When a new offer is received, the primary rtpengine that received is setes up the call data, records the IP addresses it uses for each of the two media objects and stores it in the Redis database (actually in the SDP's "<family> SPACE <address>" format, because there's an easily refactored piece of code that does it like that and we always need both data items at once). All alternates read the data and set up "foreign call" data, including the primary's network interface addresses, but do not open listening ports - because we worry about port pool conflicts and we can't listen on "other servers IPs" anyway.

When an alternate receives a command (because the load balancer is dumb), it generates the correct SDP for continuing to route the media through the primary, because it has all the information: it knows all the port numbers and the controlling (foreign) network interface's familty and address.

  • Pros:
    • configuration is much simpler and less limited.
    • should work well with and take advantage of modern cloud infrastructure.
  • Cons:
    • If a server goes down, all calls it is running are lost. For my requirements this is a minor problem in and of itself (assuming a server crash), but it is a major problem with scale-in: a scale-in action has to take the server out of the command load balancer and then wait until all calls terminate before killing the server.

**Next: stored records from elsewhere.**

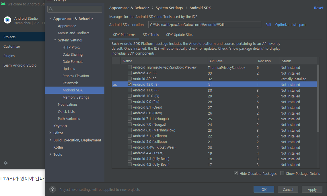 Android 12(S)가 있어야 된다고 한다 SDK 근데 내 android 스튜디오에는 안깔려 있다 그래서 에러가 나는건가?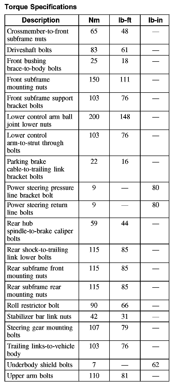 Torque Specifications: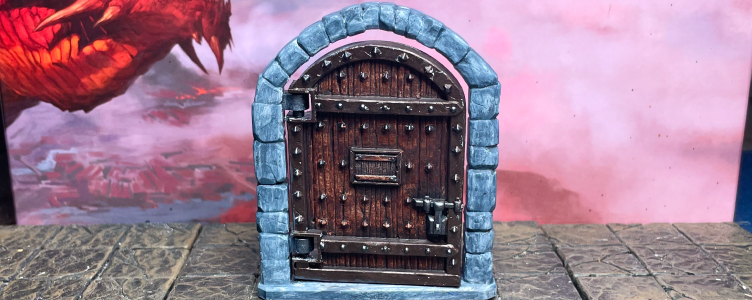 DM Ben chose ASP Rudy Fur for the door’s primary wood color, as that rich, dark red spoke to him as a quite heavy, reinforced door.
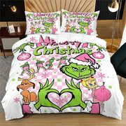 Grinch Merry Christmas Duvet Cover Set with Pillowcases Kids Bedding Set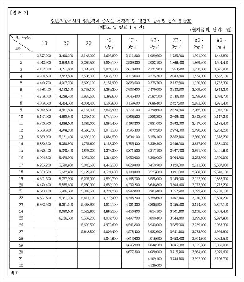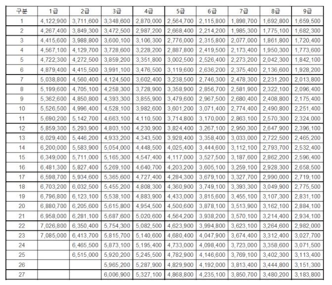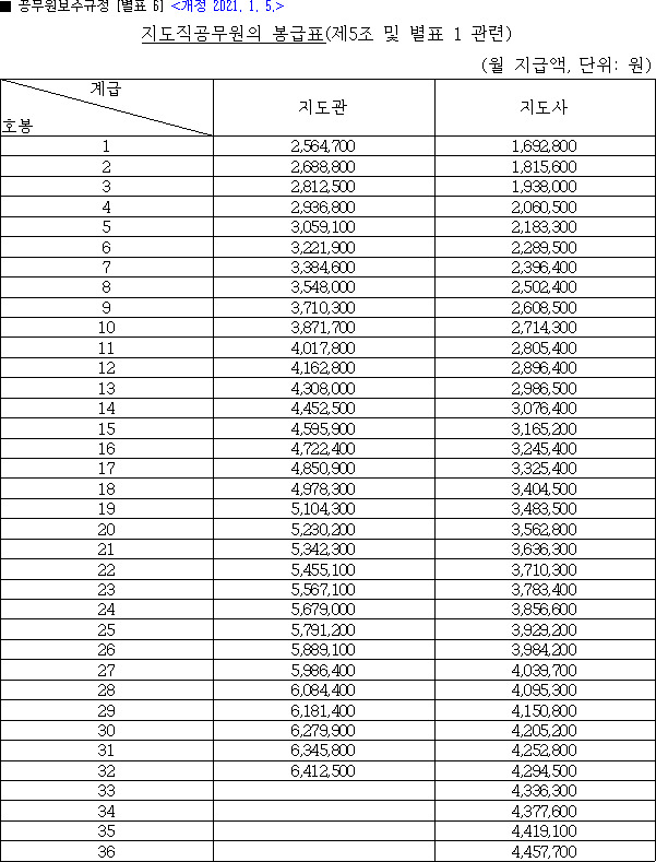 2021년 공무원 봉급표 (2020년 1월 6일 시행 예정)

This is not a trivial setup but seems quite doable with relatively simple control logic that we will create later (and I won't mind sharing).

The problems

  • Storing the controlling network interface address data in Redis so alternates can "fake" SDP responses - this is done and I've settled on storing it in the media structure (it is currently in another branch and not in this PR, but I'll push it here shortly).
  • Supporting "foreign ports" for socket_t (that we shouldn't bind to): when the Redis code loads the foreign call, it needs to create the data structures to faithfully reproduce the original port numbers in the SDP for "alternate answers", but we can't actually bind to the ports because (a) its useless and (b) it might conflicts with ports for local calls. I've added a field and some support code for using socket_t as a "not an actual bound port", and it seems to be working fine, but the logic for deciding when to use it probably breaks the static cluster use case - I probably want to add a new configuration field to trigger this behavior?
  • Reusing a "cached" network address when rewriting the SDP - done.
  • Updating the primary data when an alternate handles an answer: the "leg B" endpoint is known only in the answer, and without letting the primary know about it, the primary won't send RTP to B's UA. This is the main issue I'm trying to tackle now. The alternate doesn't write things back into Redis, but if it did - the primary will just ignore it as it ignores notification on its ow calls, and even if it didn't - we'd run into all kinds of update races and data conflicts. I think the best way would be to add another pub/sub for "back updates" where the alternate can send just the UA endpoint data from the answer - when a primary sees a "back update" for its own call, it can update the endpoint, keep calm and carry on.

Any pointers, screams or oy-veys are welcome :-)

guss77 added 3 commits January 6, 2020 22:41
So each media can have different network interfaces
ports owned by another server are not bound locally, we just know what they are
Currently only missing endpoint addresses, but I need more
@guss77
Copy link
Author

guss77 commented Jan 7, 2020

I was mistaken about the alternates not updating Redis - they do. So I'm trying to implement "don't ignore foreign updates, try to integrate them" for primaries. The issues I'm having are:
a. seems that a lot of the changes in the alternate write-back are due to json_restore_call not generating a 100% faithful call structure. For example, my alternate logs show notifications such as Opus doesn't support a ptime of 32000 ms; using 60 ms instead during foreign call loads, when ptime is actually set to "0" in the original JSON write, then in the writeback is is set to "20" (?). So I need to be very careful with what I choose to update.
b. It is not easy to update things: the call data management is done throughout performing SDP rewrite logic, so without duplicating various data access codes from throughout call.c, I doubt I can do all the needed updates, and even then - I'm missing a lot of know how about call.c internals to make it safe. I'll concentrate on getting my use-case working, and we'll see from there.

@rfuchs
Copy link
Member

rfuchs commented Jan 7, 2020

For the underlying RTP sockets, I see two distinct cases:

  1. No advertised address is used and change of endpoint address from one instance to another is handled by the load balancer through a changed network route (e.g. a host route). A naive approach would be to store the address into Redis and have other instances simply open the port on that address while ignoring their own interface configuration. This would require the net.ipv4.ip_nonlocal_bind sysctl to be enabled (there's an IPv6 equivalent too) as well as an external mechanism to bring the address up locally when needed.
  2. Advertised address is used and change of endpoint address from one instance to another is handled by the load balancer through a changed NAT destination. In this case, the port is bound to whatever interface address rtpengine is configured and it's the advertised address that's stored into Redis instead. Care must be taken that there is no overlap in address/port ranges, so this probably doesn't scale indefinitely.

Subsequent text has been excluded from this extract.